= Task description =
Apart from the images, output the data below exactly.
#### Data below ####
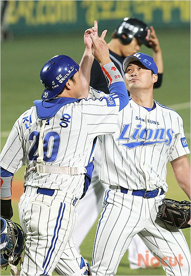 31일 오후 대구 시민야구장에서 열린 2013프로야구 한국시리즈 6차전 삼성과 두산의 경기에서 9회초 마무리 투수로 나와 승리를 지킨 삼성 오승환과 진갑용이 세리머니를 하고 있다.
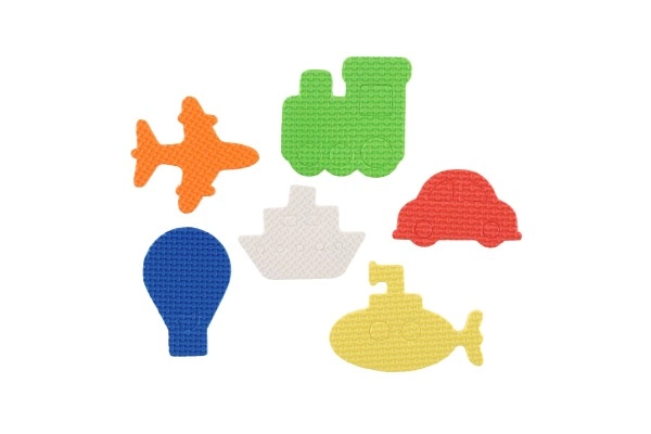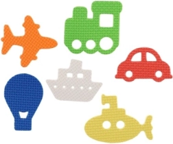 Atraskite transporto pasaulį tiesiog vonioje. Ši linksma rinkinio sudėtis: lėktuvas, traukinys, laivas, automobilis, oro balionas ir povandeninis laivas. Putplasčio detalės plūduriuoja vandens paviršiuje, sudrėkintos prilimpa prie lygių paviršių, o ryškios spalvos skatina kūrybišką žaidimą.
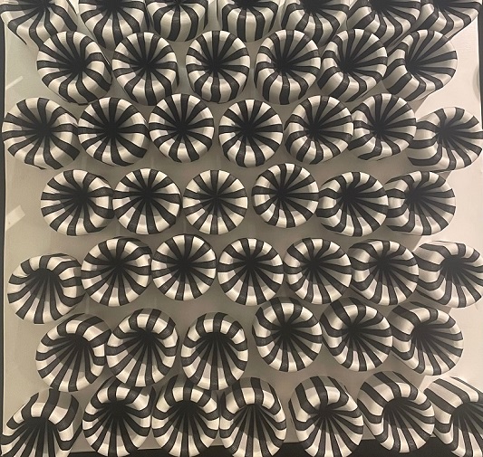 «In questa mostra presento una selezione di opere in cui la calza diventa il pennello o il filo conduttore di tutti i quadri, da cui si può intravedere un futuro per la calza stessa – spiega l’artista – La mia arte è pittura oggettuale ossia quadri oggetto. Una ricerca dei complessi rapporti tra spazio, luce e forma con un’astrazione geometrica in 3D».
####
= Exercise output =
 31일 오후 대구 시민야구장에서 열린 2013프로야구 한국시리즈 6차전 삼성과 두산의 경기에서 9회초 마무리 투수로 나와 승리를 지킨 삼성 오승환과 진갑용이 세리머니를 하고 있다.
 Atraskite transporto pasaulį tiesiog vonioje. Ši linksma rinkinio sudėtis: lėktuvas, traukinys, laivas, automobilis, oro balionas ir povandeninis laivas. Putplasčio detalės plūduriuoja vandens paviršiuje, sudrėkintos prilimpa prie lygių paviršių, o ryškios spalvos skatina kūrybišką žaidimą.
 «In questa mostra presento una selezione di opere in cui la calza diventa il pennello o il filo conduttore di tutti i quadri, da cui si può intravedere un futuro per la calza stessa – spiega l’artista – La mia arte è pittura oggettuale ossia quadri oggetto. Una ricerca dei complessi rapporti tra spazio, luce e forma con un’astrazione geometrica in 3D».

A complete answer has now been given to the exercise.